Comparison of inflammatory cytokine profiles in plasma of patients undergoing otorhinological surgery with propofol or isoflurane anesthesia.

OBJECTIVE AND DESIGN: The effects of anesthetics on cytokine release in patients without comorbidities who undergo minor surgery are not well defined. We compared inflammatory cytokine profiles in adult patients undergoing minimally invasive surgery who received isoflurane or propofol anesthesia. METHODS: Thirty-four patients without comorbidities undergoing minor surgery were randomly assigned to receive an inhaled anesthetic (isoflurane; n = 16) or an intravenous anesthetic (propofol; n = 18). Blood samples were drawn before premedication and anesthesia (T1), 120 min after anesthesia induction (T2), and on the first post-operative day (T3). Plasma concentrations of interleukins (IL-) 1ß, 6, 8, 10 and 12 and tumor necrosis factor (TNF)-α were measured using flow cytometry. RESULTS: The pro-inflammatory cytokine IL-6 was increased in the isoflurane group at T2 and T3 compared to T1 (P < 0.01). In the propofol group, IL-6 and IL-8 were significantly increased at T3 compared to T1. However, there were no significant differences in cytokine concentrations between the isoflurane and propofol groups. CONCLUSION: An inflammatory response occurred earlier in patients who received an inhaled agent compared with an intravenous anesthetic, but no differences in plasma cytokine profiles were evident between isoflurane and propofol anesthesia in patients without comorbidities undergoing minimally invasive surgeries.

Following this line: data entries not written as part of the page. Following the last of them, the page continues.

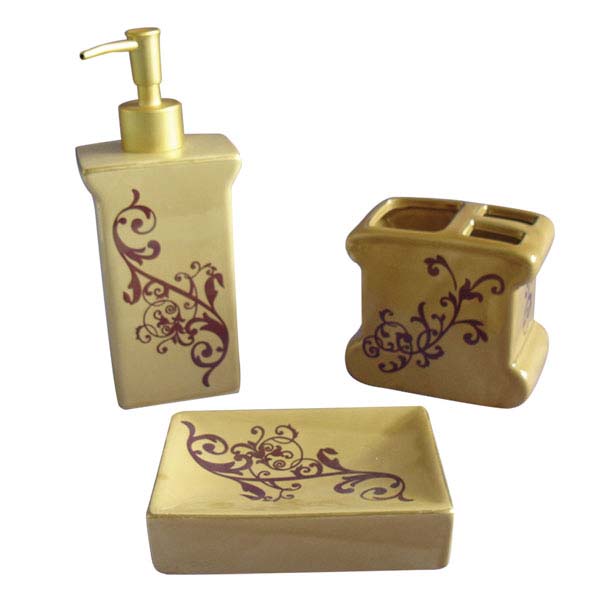 • Set of 3 dolomite bathroom set, include lotion pump, tumbler, brush holder, soap dish.
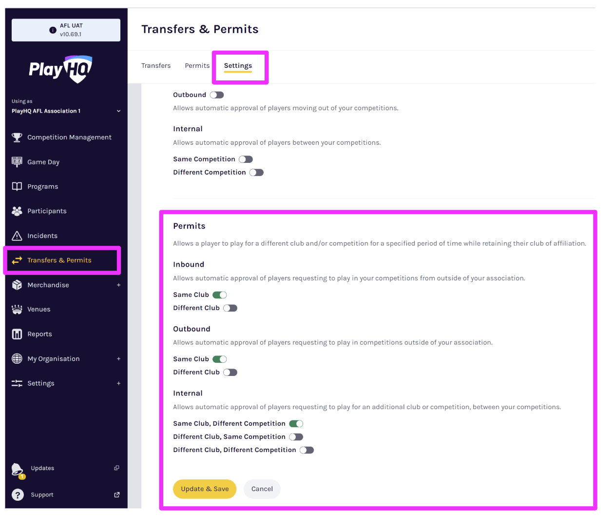 To receive player season permit notifications that require your club or association's approval, your organisation must enable season permit notifications.
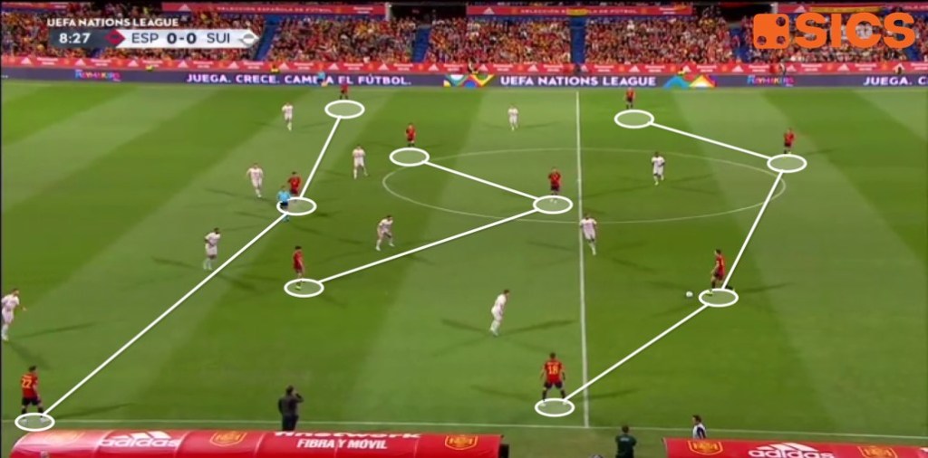 Gli automatismi offensivi nel gioco posizionale degli spagnoli poggiano poi molto sul lavoro degli esterni alti, posizione nella quale Luis Enrique può contare sull’enorme qualità offerta dai vari Pablo Sanabria, Dani Olmo, Ansu Fati e Ferran Torres, ai quali si aggiungono le due frecce Nico Williams e Yeremy Pino.
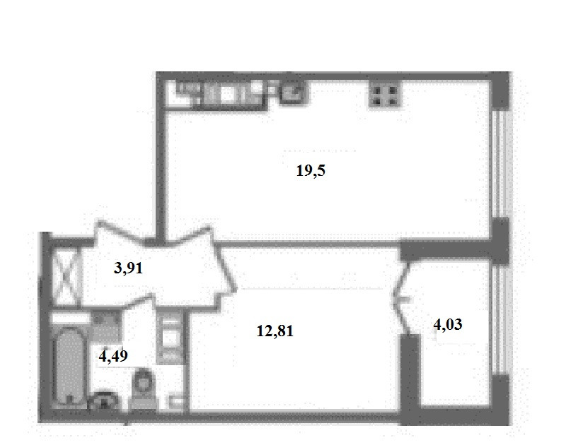 Площадь кухни 19.5 м2
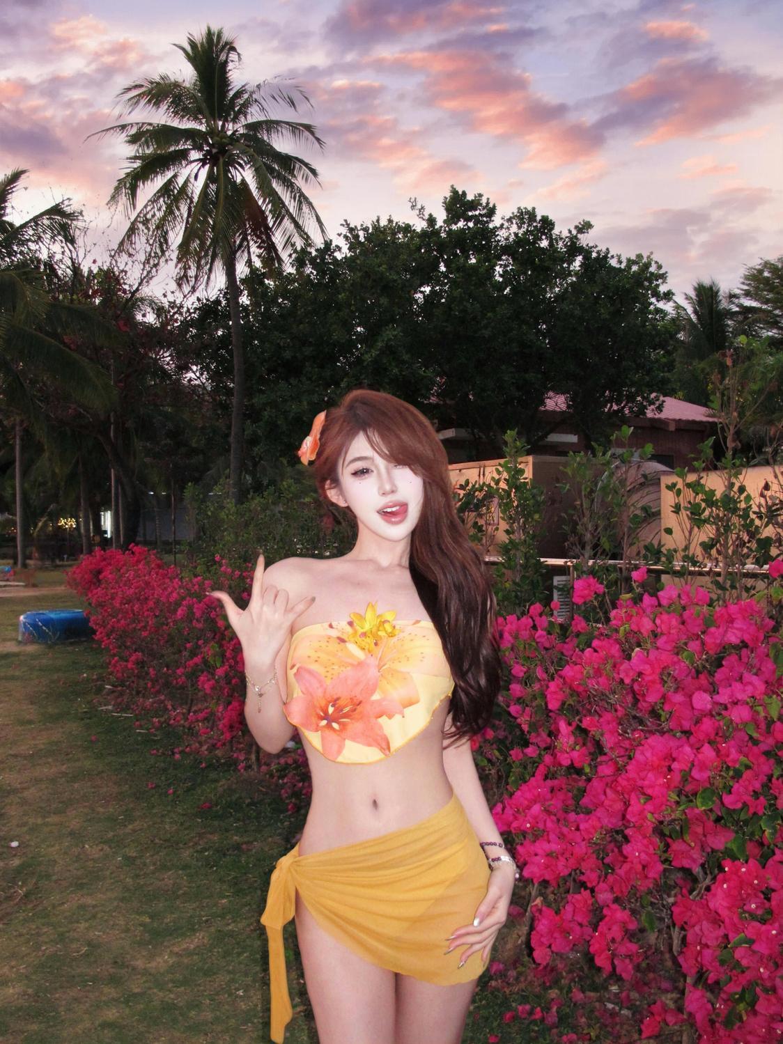 해변 도파민웨어 튜브탑 스플릿 비키니 3피스 앞치마 수영복 여성 섹시 핫걸 비치 여름
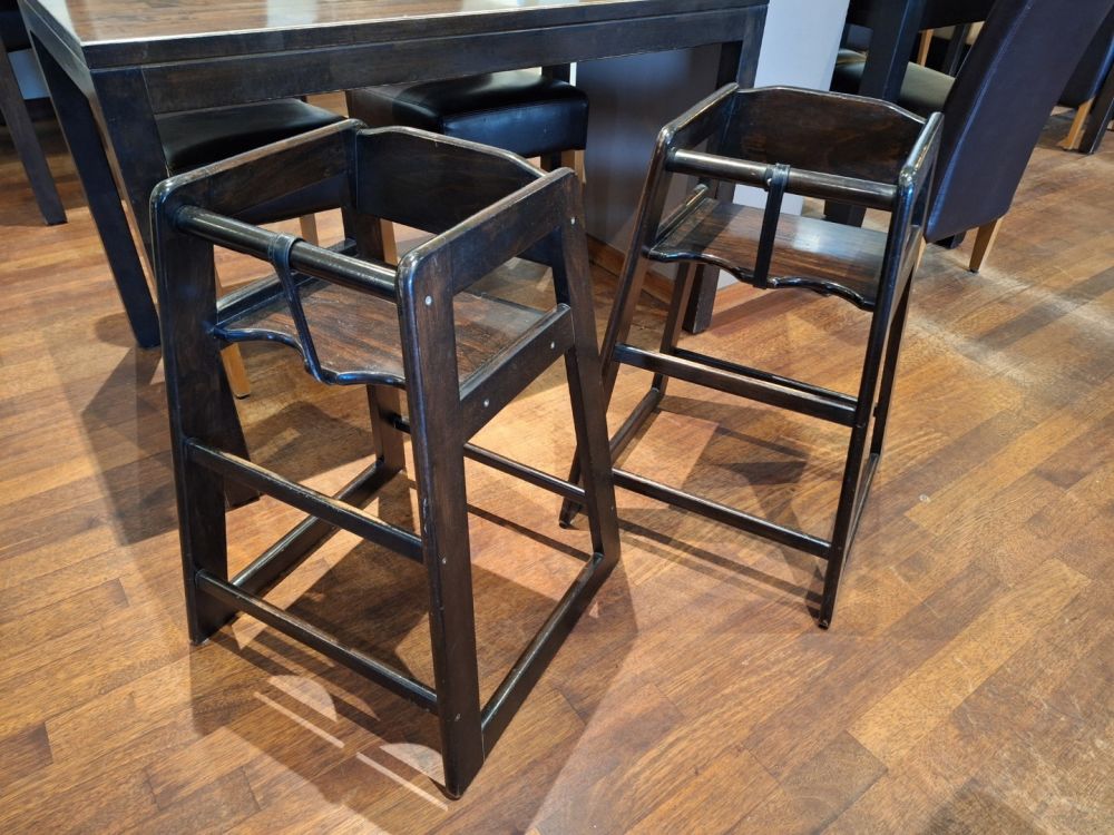 57 x eetkamerstoelen zwart imitatie leder met houten poten
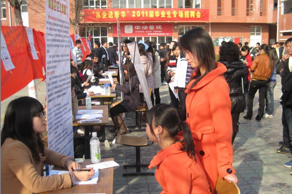 12月1日下午,我校繼“上海名企進新華”、 “浙企進新華”專場招聘會之后,學(xué)院駐省外就業(yè)辦事處針對2011屆畢業(yè)生在安徽新華學(xué)院中快文化廣場舉辦了就業(yè)辦事處系列第三場招聘會“蘇企進新華2011屆畢業(yè)生專場招聘會”。
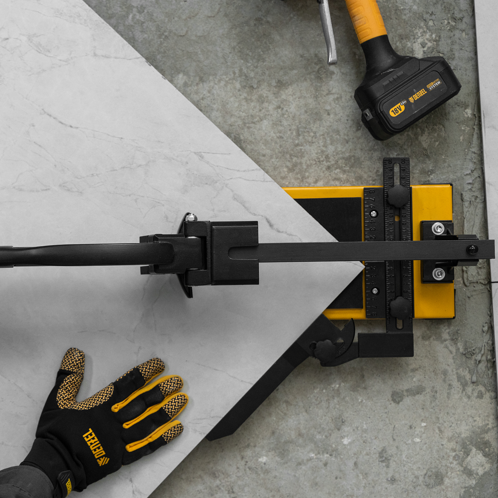 - Эргономичность — плитколом с магнитным держателем не создает помех во время резки.
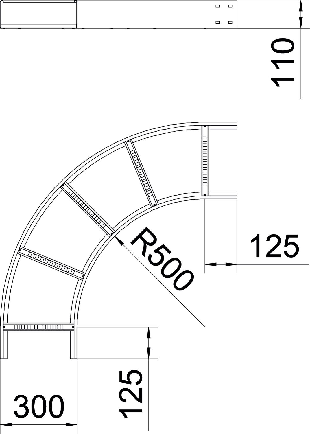 Product description90° bend, horizontal, for all wide span cable ladders of 110 mm side height.
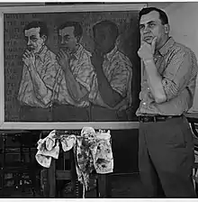 Byrd’s interest in figurative painting started in the early 1950s, and this work emphasized social realism, angst and banality in the twentieth century, and auto-biographical fantasy.[1][2][3][4][5][6]
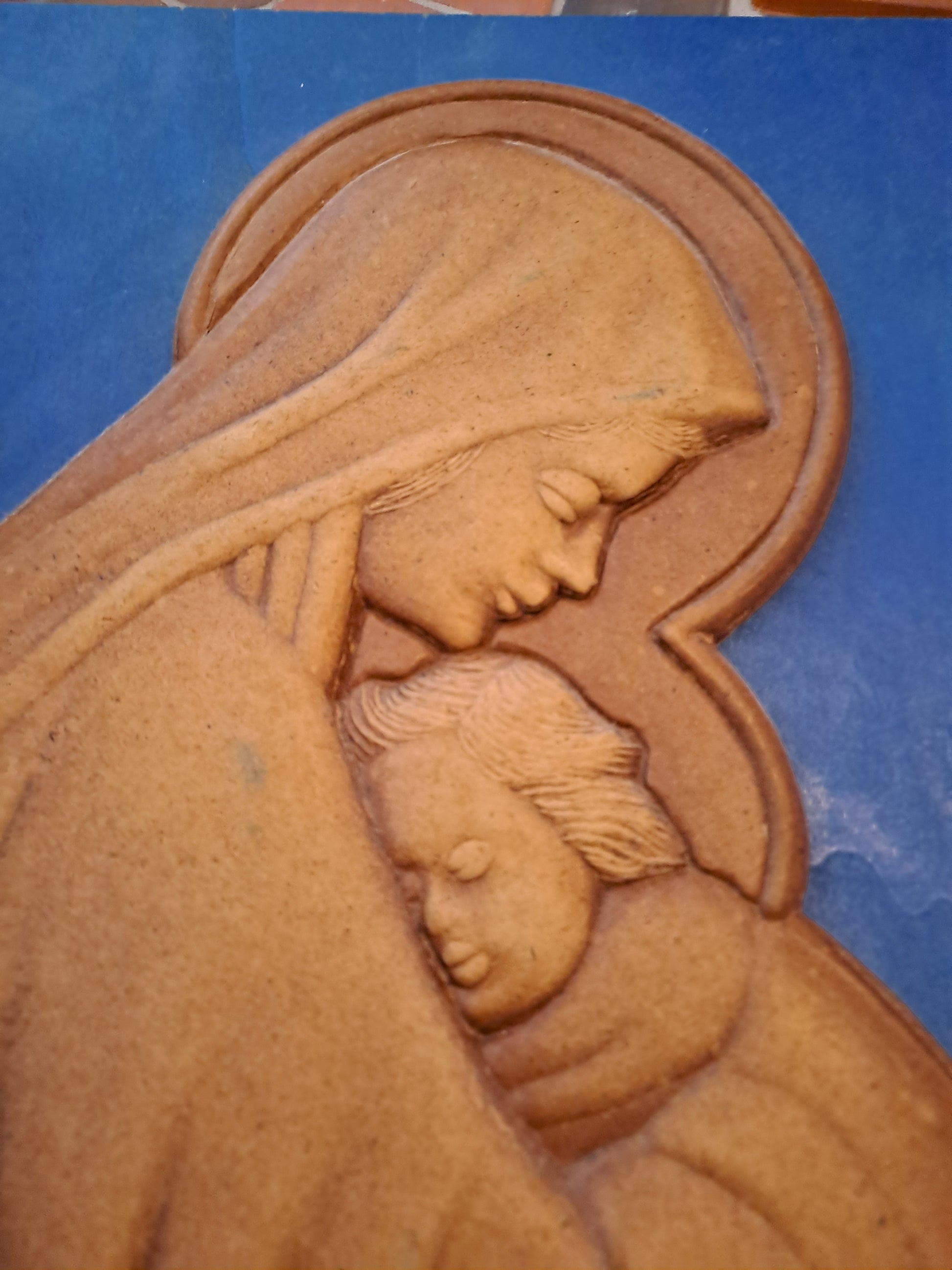 Cadre Représentant La Sainte Vierge Marie Portant L'enfant Jesus. Bois Et...

Genotoxicity, cytotoxicity and gene expression in patients undergoing elective surgery under isoflurane anaesthesia.

There are numerous studies reporting on the effects of inhalation anaesthesia in cells of exposed individuals but not much is known about the ability of isoflurane (ISF) to induce oxidative DNA damage. However, surgery is often associated with a temporary perioperative immunological alteration, and some volatile anaesthetics seem to contribute to a transient lymphocytopenia after surgery. We conducted a study to evaluate a possible genotoxic effect, including oxidative DNA damage, and apoptosis in peripheral lymphocytes of 20 patients American Society of Anaesthesiologists physical status I undergoing minor elective surgery lasting at least 120 min, under anaesthesia with ISF. We also investigated the expression of several genes in blood cells. Blood samples were collected at three time points: before anaesthesia (T(1)), 2 h after the beginning of anaesthesia (T(2)) and on the first post-operative day (T(3)). General DNA damage and oxidised bases (Fpg and endo III-sites) in blood lymphocytes were evaluated using the comet assay. Lymphocytes were phenotyped and apoptosis was evaluated by flow cytometry. In addition, expressions of hOGG1 and XRCC1, genes involved in DNA repair, and BCL2, a gene related to apoptosis, were assessed by quantitative real-time polymerase chain reaction. Results showed no statistically significant difference in the level of DNA damage and oxidised bases among the three sampling times. Anaesthesia with ISF did not increase the percentage of cells in early or late apoptosis in cytotoxic or helper T lymphocytes. Lower hOGG1 and BCL2 expressions were detected at T(3) in comparison to the other two previous time points, and there was significantly lower expression of XRCC1 at T(3) in relation to T(2). In conclusion, the exposure to ISF did not result in genotoxicity and cytotoxicity in lymphocytes and in toxicogenomic effect in leukocytes, although DNA repair and apoptosis-related genes were down-regulated on the first post-operative day.